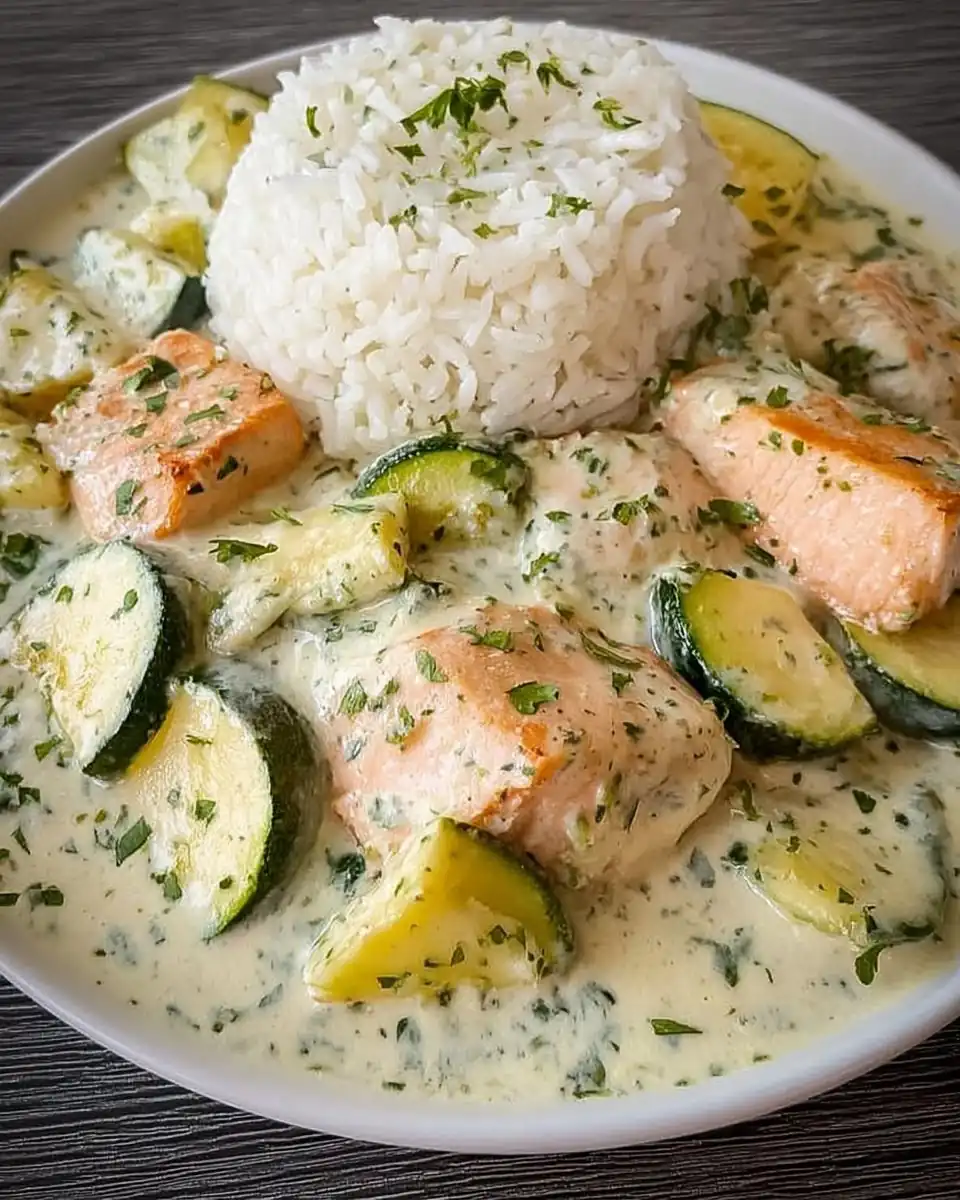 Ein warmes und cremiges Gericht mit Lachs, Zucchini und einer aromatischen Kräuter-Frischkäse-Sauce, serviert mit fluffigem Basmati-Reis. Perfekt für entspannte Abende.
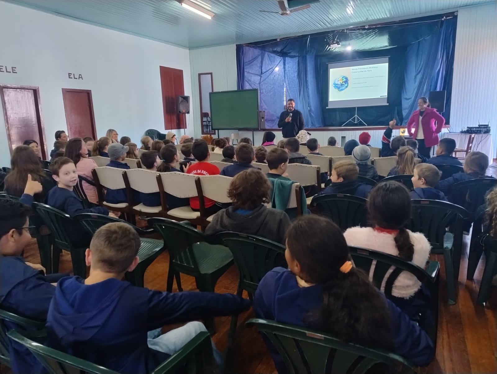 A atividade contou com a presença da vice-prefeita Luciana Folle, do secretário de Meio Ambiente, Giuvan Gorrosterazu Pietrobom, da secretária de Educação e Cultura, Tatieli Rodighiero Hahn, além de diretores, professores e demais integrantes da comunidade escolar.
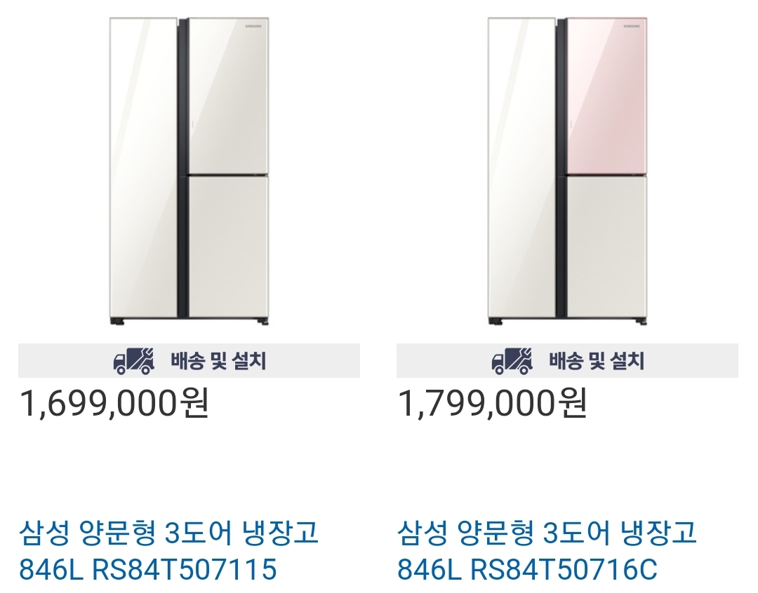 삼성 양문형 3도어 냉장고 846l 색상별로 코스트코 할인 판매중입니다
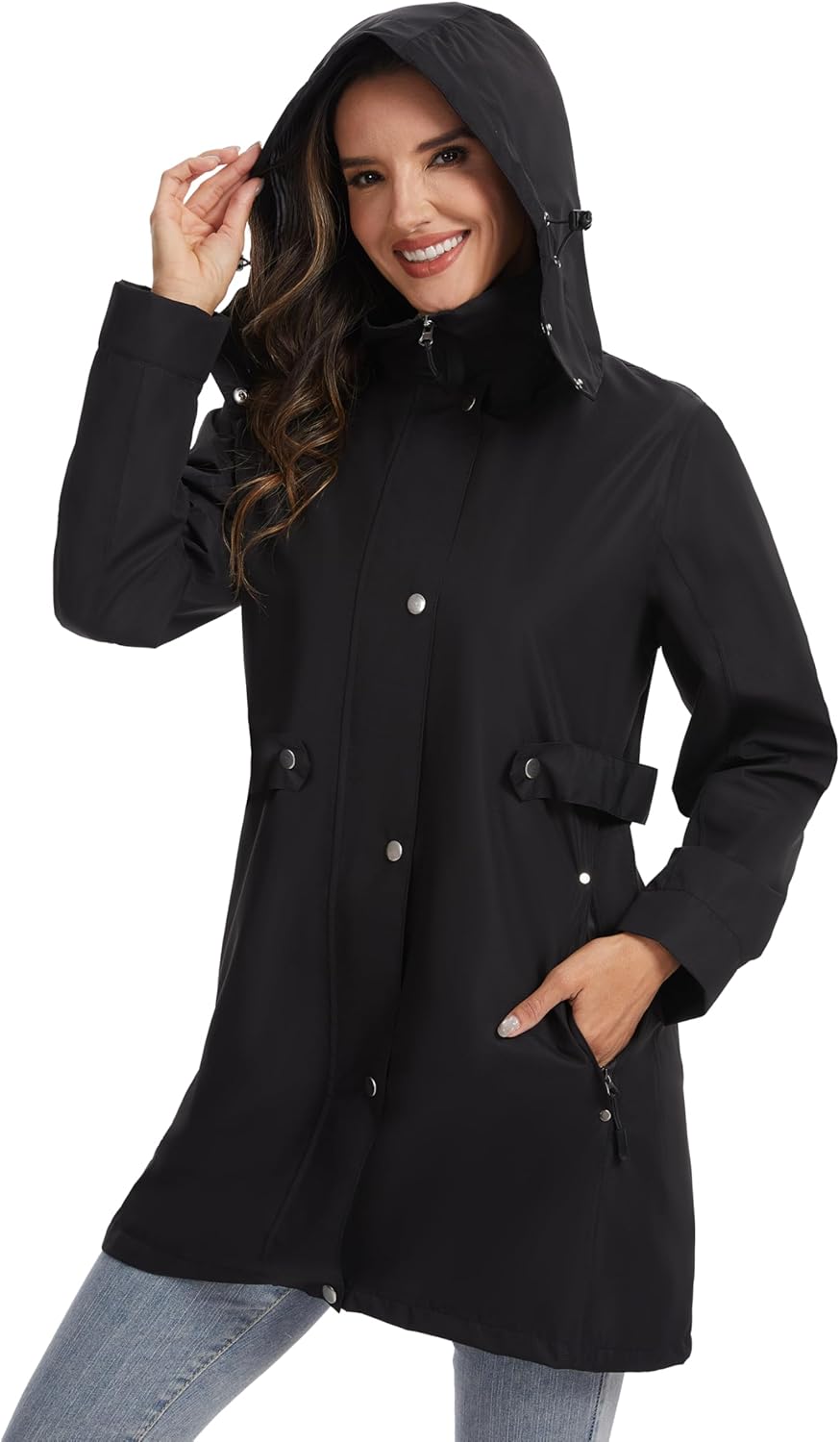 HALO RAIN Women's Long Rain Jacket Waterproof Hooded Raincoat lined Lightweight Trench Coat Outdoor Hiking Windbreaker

...

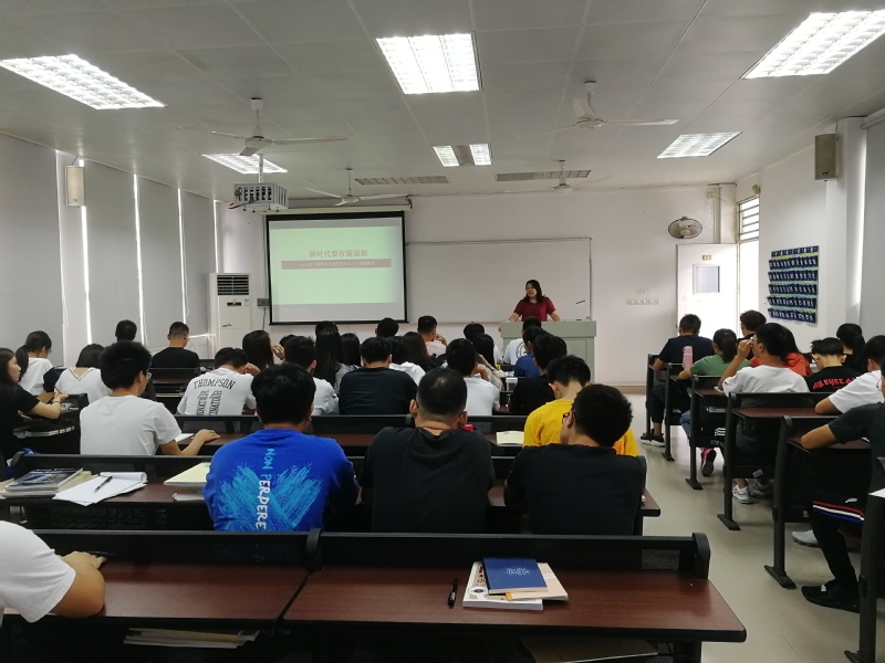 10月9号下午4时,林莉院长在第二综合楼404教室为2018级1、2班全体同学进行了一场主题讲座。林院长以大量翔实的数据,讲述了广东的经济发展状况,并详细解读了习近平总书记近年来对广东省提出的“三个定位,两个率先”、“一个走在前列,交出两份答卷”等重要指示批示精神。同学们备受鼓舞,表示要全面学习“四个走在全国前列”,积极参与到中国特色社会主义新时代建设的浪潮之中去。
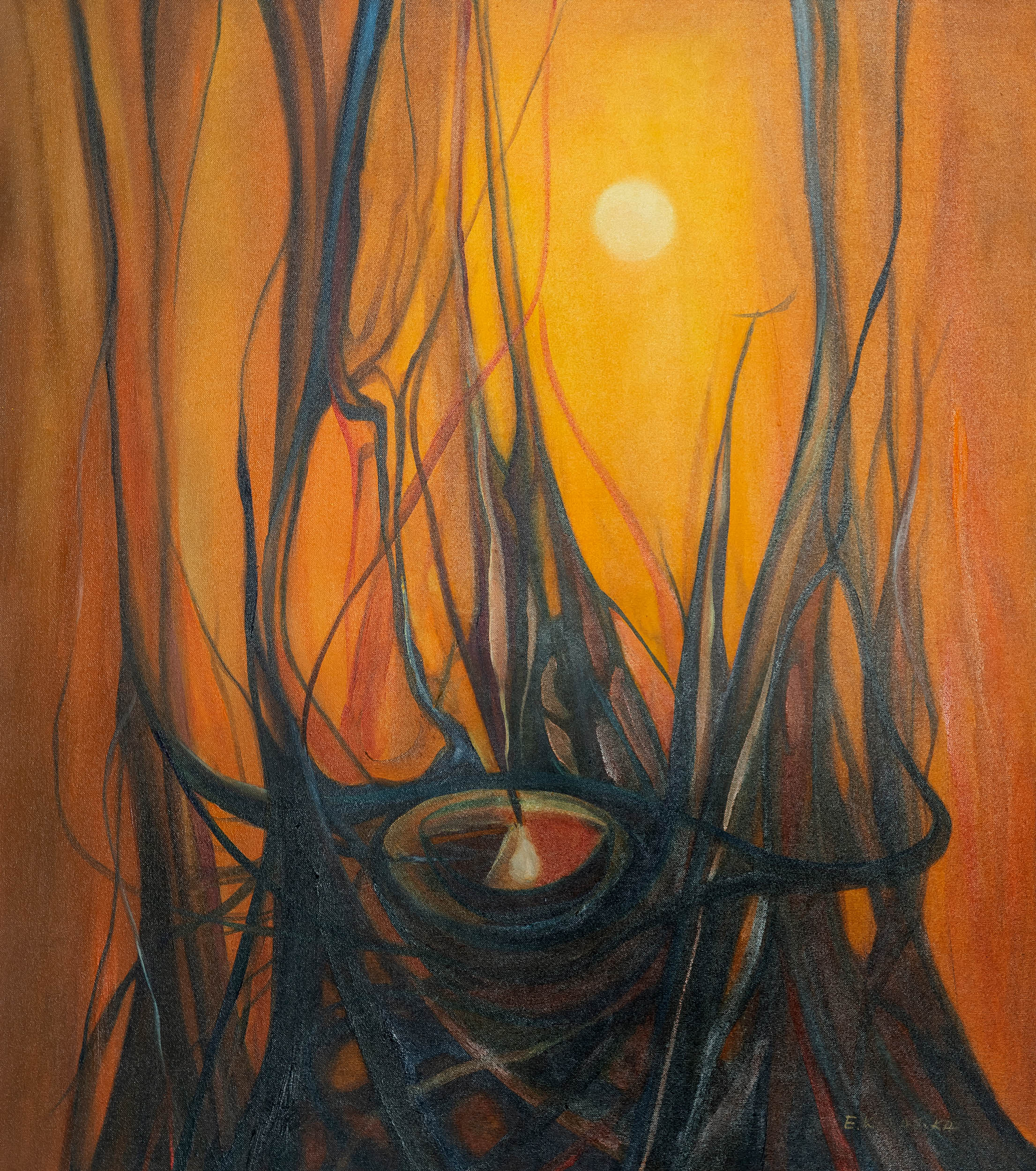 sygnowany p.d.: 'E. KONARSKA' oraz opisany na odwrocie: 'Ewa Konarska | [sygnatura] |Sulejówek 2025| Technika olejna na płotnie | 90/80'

--

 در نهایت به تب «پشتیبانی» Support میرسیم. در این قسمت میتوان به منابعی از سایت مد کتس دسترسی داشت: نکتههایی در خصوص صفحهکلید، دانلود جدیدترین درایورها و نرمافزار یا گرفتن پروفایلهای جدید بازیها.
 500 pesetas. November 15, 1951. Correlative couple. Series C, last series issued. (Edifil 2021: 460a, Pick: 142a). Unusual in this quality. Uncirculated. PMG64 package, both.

▸ **EXERCISE BRIEF**: Working from the records above, set down word for word everything from the line containing "Ein warmes und" down to the line containing "HALO RAIN Women's", ends included, minus the pictures.

▸ **THE ANSWER**:
 Ein warmes und cremiges Gericht mit Lachs, Zucchini und einer aromatischen Kräuter-Frischkäse-Sauce, serviert mit fluffigem Basmati-Reis. Perfekt für entspannte Abende.
 A atividade contou com a presença da vice-prefeita Luciana Folle, do secretário de Meio Ambiente, Giuvan Gorrosterazu Pietrobom, da secretária de Educação e Cultura, Tatieli Rodighiero Hahn, além de diretores, professores e demais integrantes da comunidade escolar.
 삼성 양문형 3도어 냉장고 846l 색상별로 코스트코 할인 판매중입니다
 HALO RAIN Women's Long Rain Jacket Waterproof Hooded Raincoat lined Lightweight Trench Coat Outdoor Hiking Windbreaker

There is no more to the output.